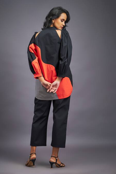 Black Cotton Mandarin Collar Colour Block Shirt With Pant
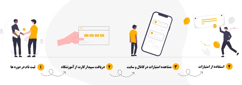 تمامی کارآموزان سپیدار، از لحظه ثبت‌نام به‌صورت خودکار عضو باشگاه مشتریان می‌شوند و با دریافت سپیدار کارت، از تخفیف‌های ویژه دوره‌ها، معرفی به کار رایگان، امتیازات اختصاصی، مسابقات، جوایز و سایر مزایا بهره‌مند خواهند شد، زیرا همراهی شما برای ما ارزشمنده.
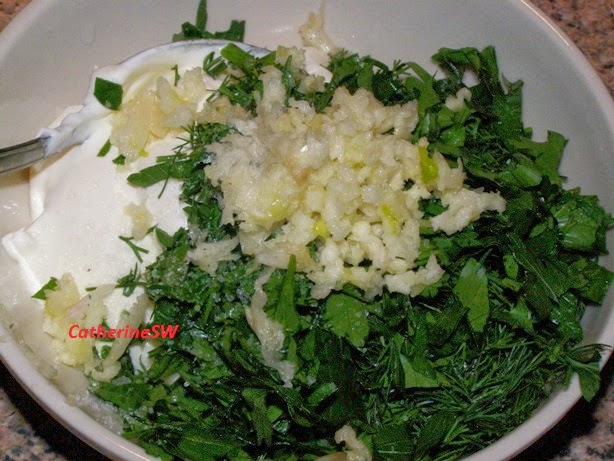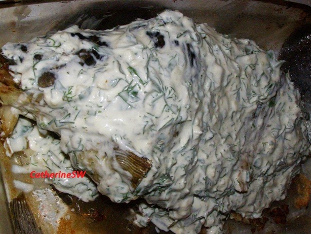 19. Запекаем карпа 30 минут при 200 градусов. Пока карп запекается, приготовим его финальное покрытие)) Сметану смешаем с давленым чесноком, солью, перцем, рубленной зеленью петрушки и укропа
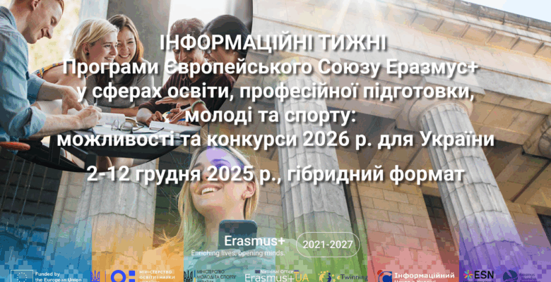 Національний Еразмус+ офіс в Україні спільно з Представництвом ЄС в Україні, Міністерством освіти і науки України, Міністерством молоді та спорту України, Національним офісом підтримки Програми eTwinning, Інформаційним центром Еразмус+ молодь та Європейського корпусу солідарності, Erasmus Student Network – Ukraine та Erasmus Mundus Association – Ukraine запрошують 2-12 грудня 2025 р. приєднатись до Інформаційних Днів Програми...Read More

• • • •

▶ AIM OF THE EXERCISE
Everything in the material above is to be reproduced exactly, pictures aside.

▶ ANSWER SPACE
 Black Cotton Mandarin Collar Colour Block Shirt With Pant
 تمامی کارآموزان سپیدار، از لحظه ثبت‌نام به‌صورت خودکار عضو باشگاه مشتریان می‌شوند و با دریافت سپیدار کارت، از تخفیف‌های ویژه دوره‌ها، معرفی به کار رایگان، امتیازات اختصاصی، مسابقات، جوایز و سایر مزایا بهره‌مند خواهند شد، زیرا همراهی شما برای ما ارزشمنده.
 19. Запекаем карпа 30 минут при 200 градусов. Пока карп запекается, приготовим его финальное покрытие)) Сметану смешаем с давленым чесноком, солью, перцем, рубленной зеленью петрушки и укропа
 Національний Еразмус+ офіс в Україні спільно з Представництвом ЄС в Україні, Міністерством освіти і науки України, Міністерством молоді та спорту України, Національним офісом підтримки Програми eTwinning, Інформаційним центром Еразмус+ молодь та Європейського корпусу солідарності, Erasmus Student Network – Ukraine та Erasmus Mundus Association – Ukraine запрошують 2-12 грудня 2025 р. приєднатись до Інформаційних Днів Програми...Read More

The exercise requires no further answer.